A shipping company charges a flat rate of $7 for packages weighing five pounds or less, $15 for packages weighing more than five pounds but less than ten pounds, and $22 for packages weighing more than ten pounds. During one hour, the company had 13 packages that totaled $168. The number of packages weighing five pounds or less was three more than those weighing more than ten pounds.
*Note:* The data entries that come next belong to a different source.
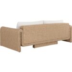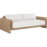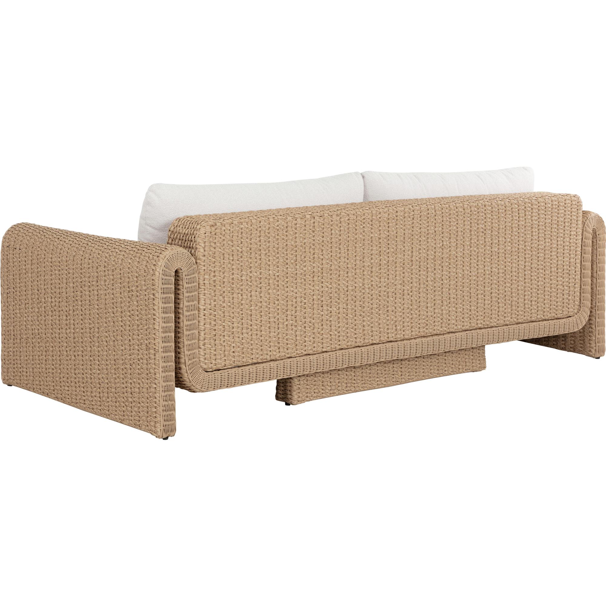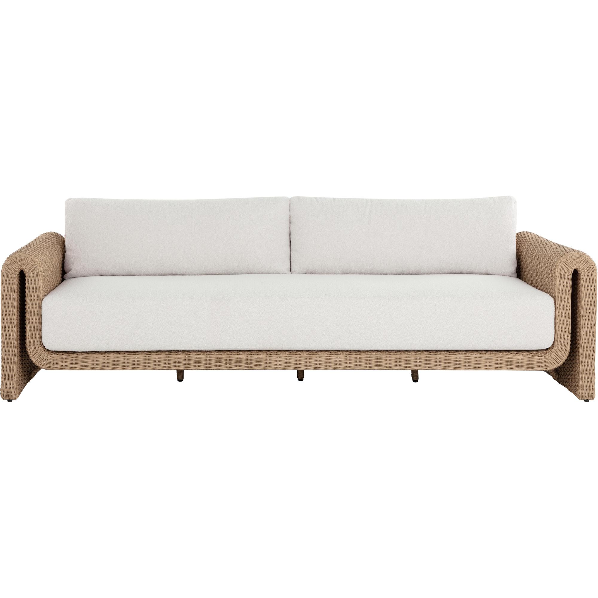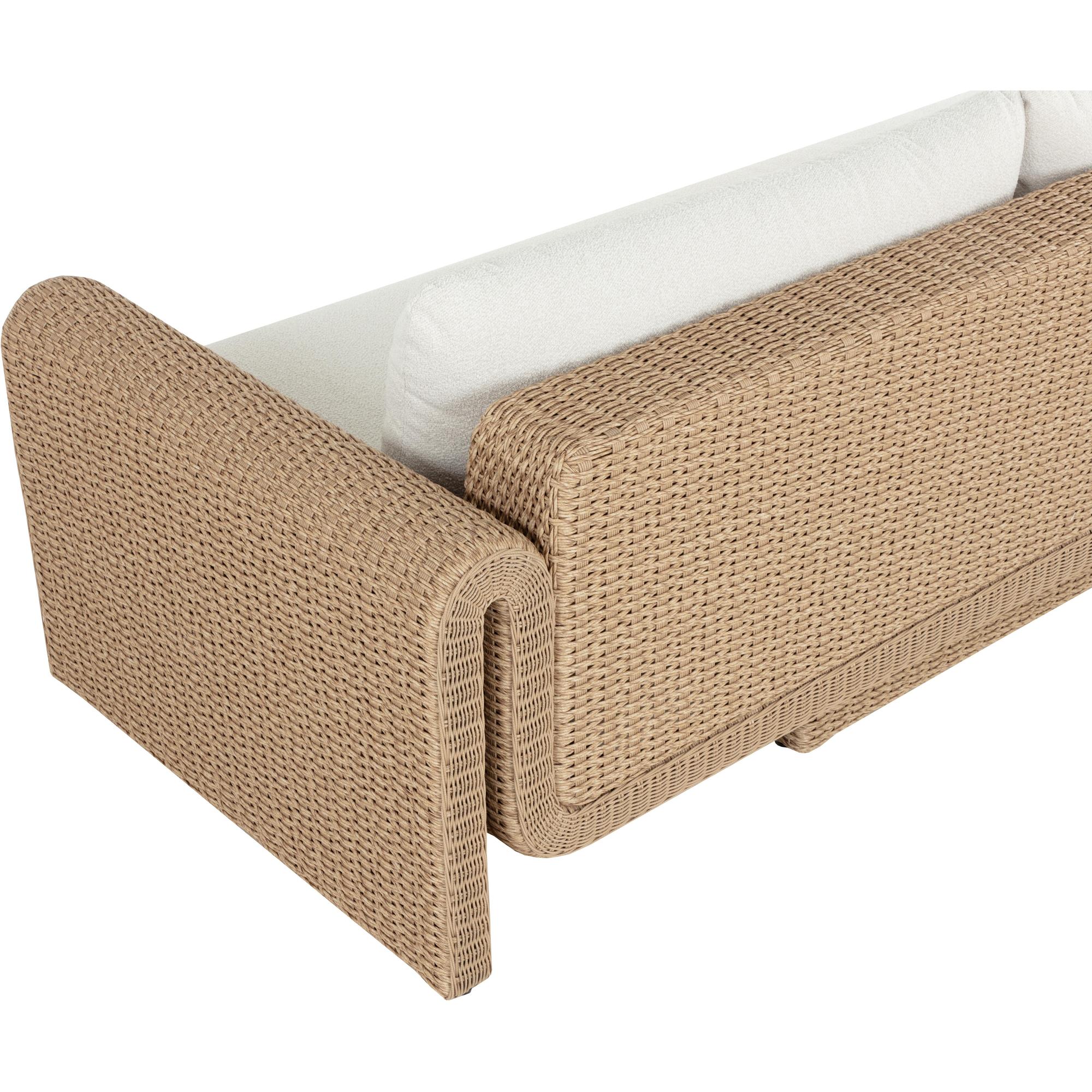 The curved proportions of the Tibi Sofa enhance the textural beauty of handwoven twisted wicker. The rolled arms connect seamlessly to nestle the comfortable cushioning upholstered in our louis cream outdoor boucle performance fabric.
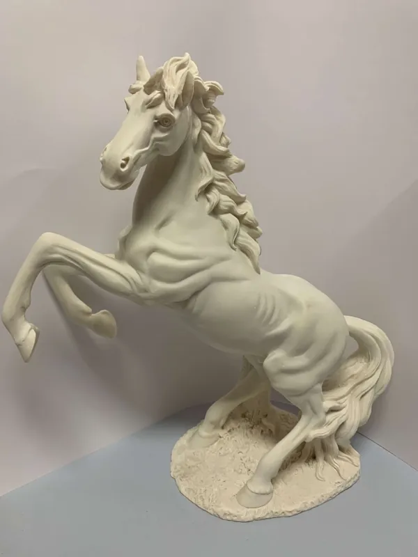 Figura de marmolina de un caballo encabritado.Material: polvo de alabastro, macizo.Peso: 3,8 kgs.Medidas: 39×30 cms.
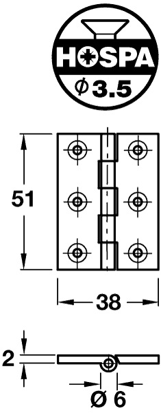 Heavy gauge butt hinge 207, 51 x 38 mm
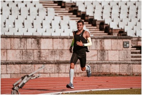 A determined male athlete runs on a track in a sunny stadium, showcasing endurance and speed.
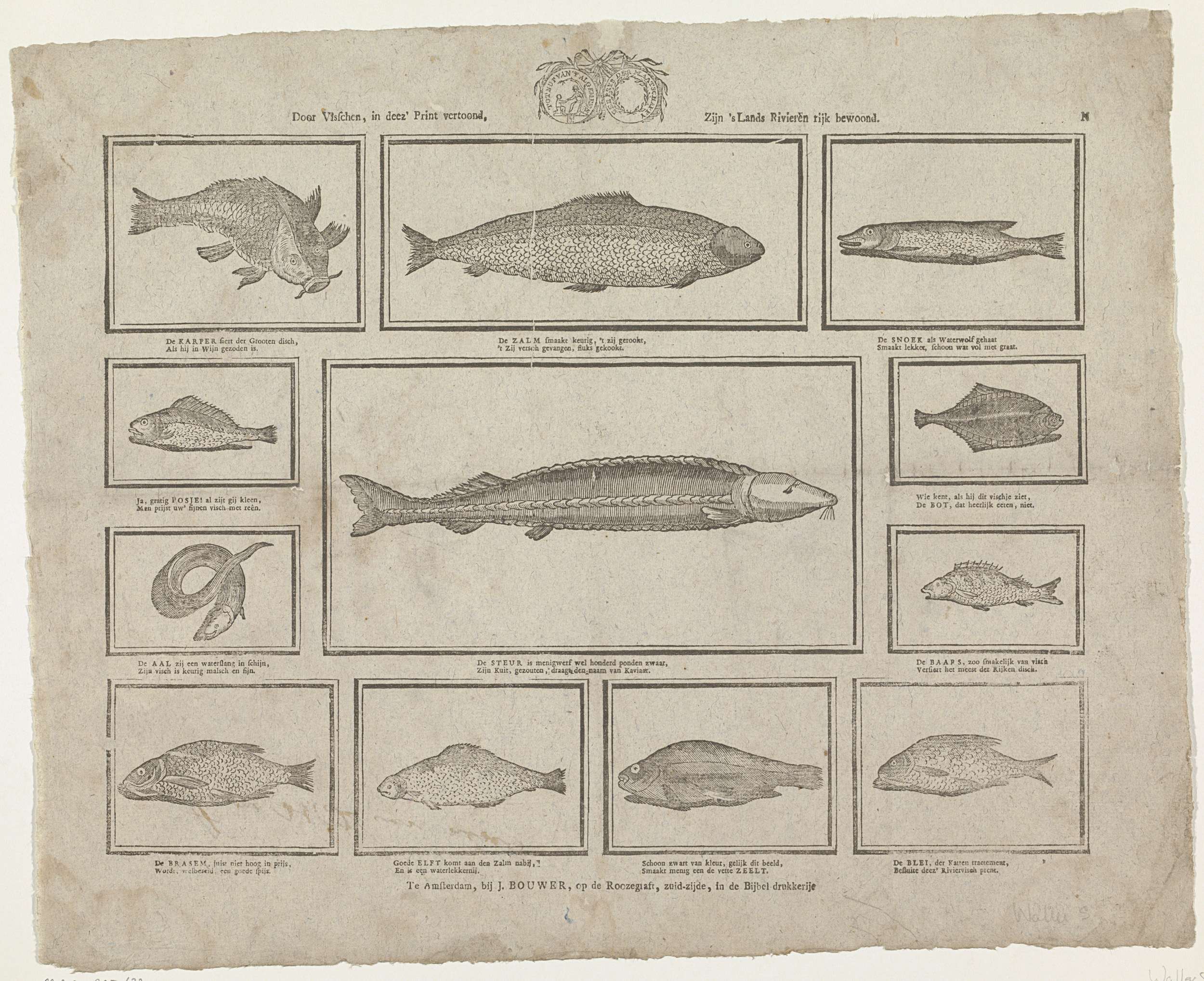 Blad met 12 voorstellingen van zoetwatervissen (behalve de bot). Midden boven het zegel van de Maatschappij tot Nut van 't Algemeen. Onder elke afbeelding een tweeregelig vers met de naam van het dier. Genummerd rechtsboven: N.
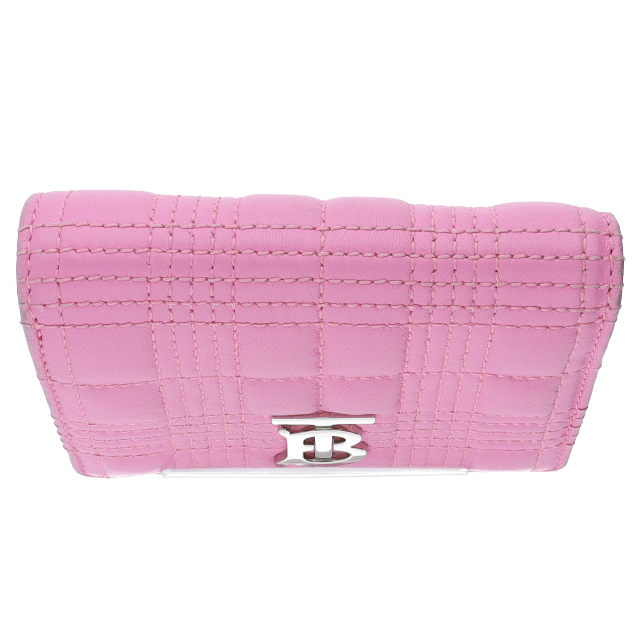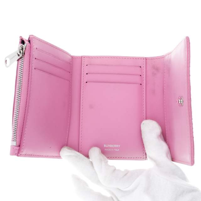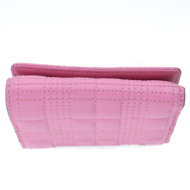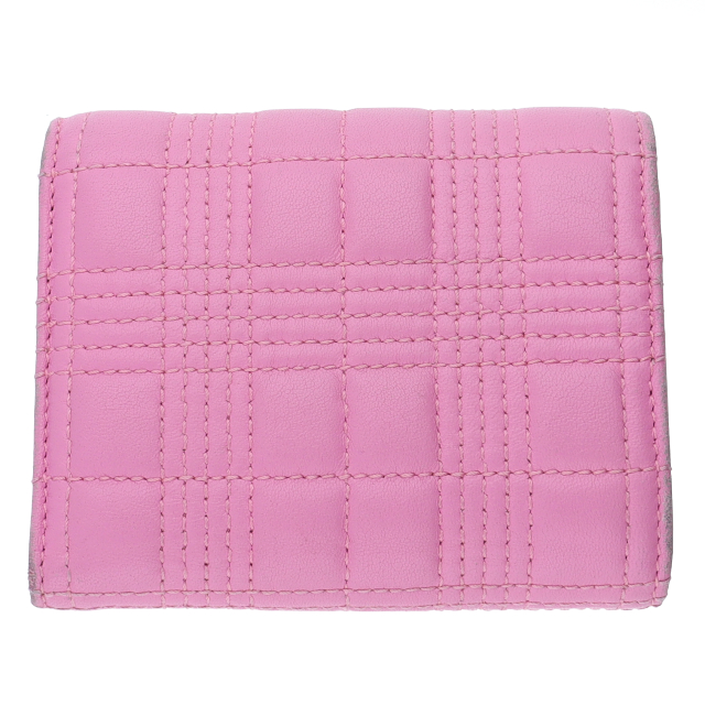 USED品。かわいらしいピンクのラムスキンをキルティング風にアレンジしたデザインです。正面のTBロゴがワンポイントになっていておしゃれな三つ折り財布。
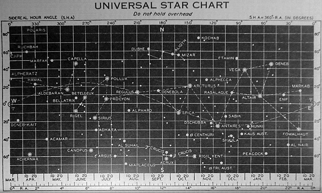 Sur la stelmapo tamen la angulo de navigistoj, la SHA ("Sidereal Hour Angle") kreskas maldekstren. Egalas ja RA = 360° - SHA kaj ankaŭ al alia direkto SHA = 360° - RA. La anguloj RA kaj SHA do kreskas al kontraŭaj direktoj.
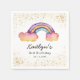 Une serviette en papier pour la fête d'anniversaire de la fille Whimsical avec un arc-en-ciel peint à l'aquarelle. Il y a aussi de la parties scintillant en faux or autour des bords. Customisez ce produit en ajoutant le nom de votre enfant.
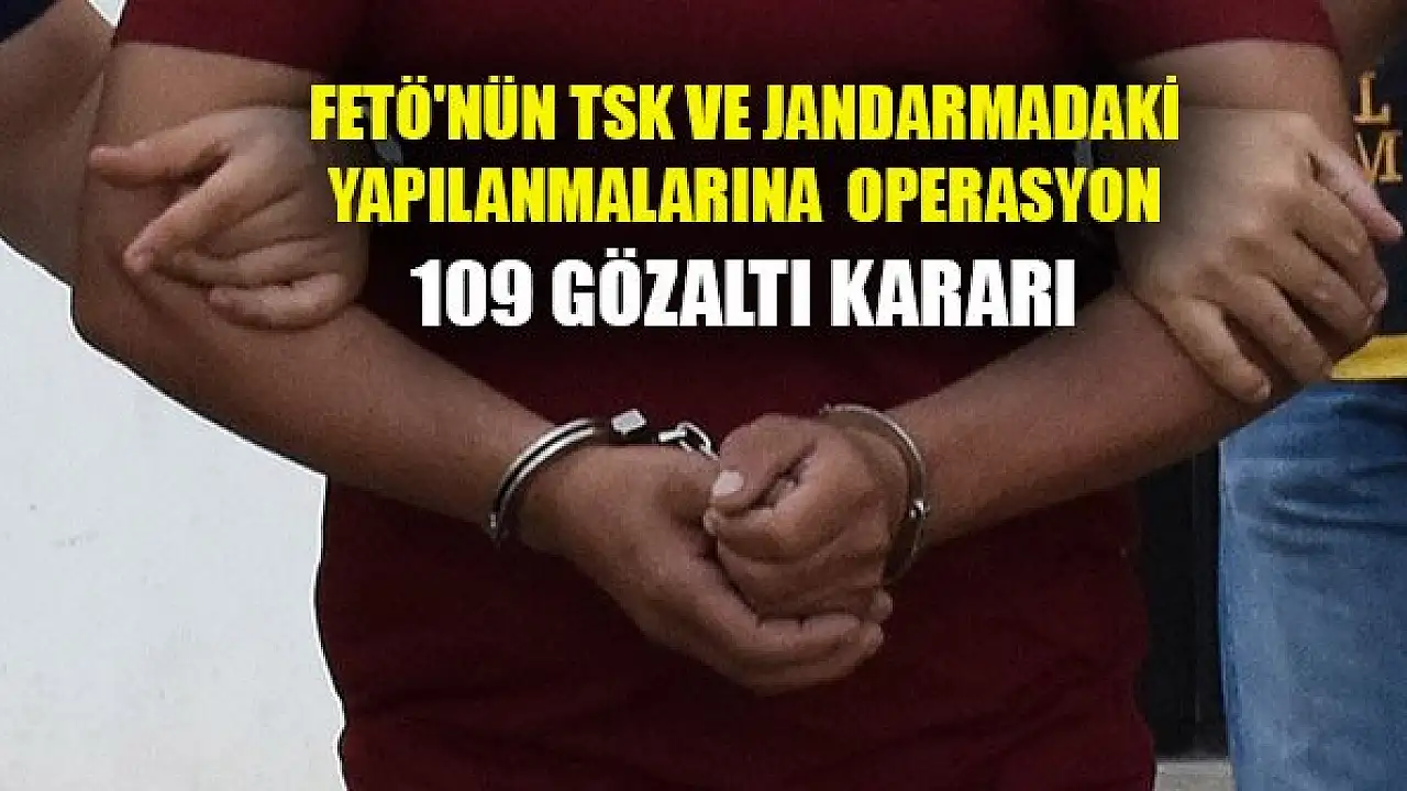 FETÖ'nün TSK, Hava Kuvvetleri Komutanlığı ve Jandarma Genel Komutanlığı'ndaki yapılanmasına yönelik soruşturmalarda 109 şüpheli hakkında yakalama kararı çıkarıldı.
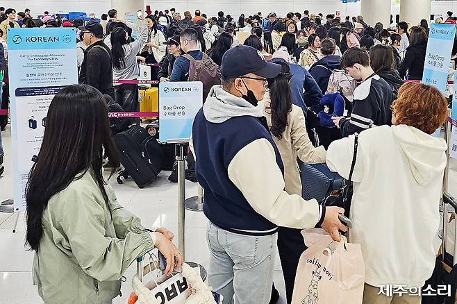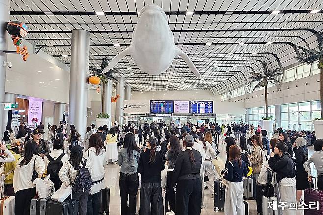 기상악화로 차질을 빚은 항공기 운항이 재개되면서 제주를 빠져나가려는 체류객과 방문객들이 맞물려 제주국제공항이 문전성시를 이루고 있다.
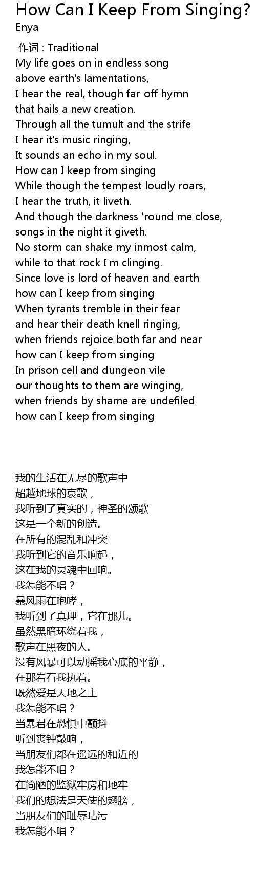 | [02:01.20] | how can I keep from singing |
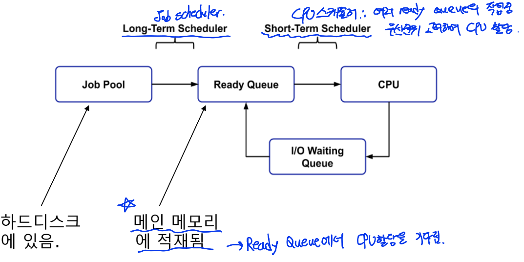 - Job queue : 시스템에 있는 모든 프로세스를 저장
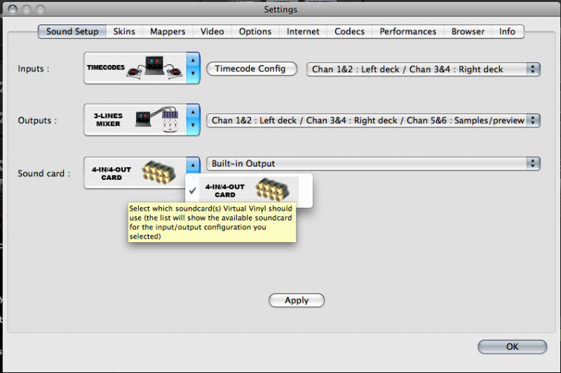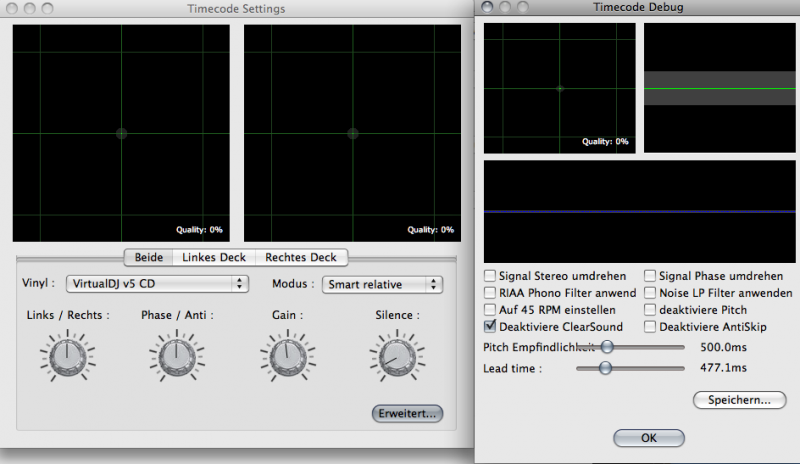 Ich starte das Programm (Version 6) und gehe in die Config. Sobald ich als Input die Timecodes angebe, kann ich bei der Soundcard nur noch "4in/4out" auswählen. Wähle ich beim Input "none" wird gleich VV angezeigt. Die Timecodeconfig ist hinfällig, da diese garnicht möglich ist. So sieht es dann auch aus: Quality 0%. Aus diesem Grund habe ich auch keinen Debug erstellen wollen/können. Ihr seht: Ich habe mich echt eingelesen und vieles ausprobiert.

The system of equations below represents the situation.
s+m+l=13
7s+15m+22l=168
s-l=3

Which matrix can be used to show the number of packages in the different weight classes during that hour?

Answer 1

Answer:

The matrix equation would be

$\left[\begin{array}{ccc}1&1&1\\7&15&22\\1&0&-1\end{array}\right] \times \left[\begin{array}{ccc}s\\m\\l\end{array}\right] =\left[\begin{array}{ccc}13\\168\\3\end{array}\right]$,

and the resulting matrix is

$\left[\begin{array}{ccc}6\\4\\3\end{array}\right]$

Step-by-step explanation:

We first start with what is called the coefficient matrix; it contains the coefficients of the variables in the system of equations.

The coefficients of the first equation are 1, 1 and 1; this will be the first row of the matrix.

The coefficients of the second equation are 7, 15 and 22; this will be the second row of the matrix.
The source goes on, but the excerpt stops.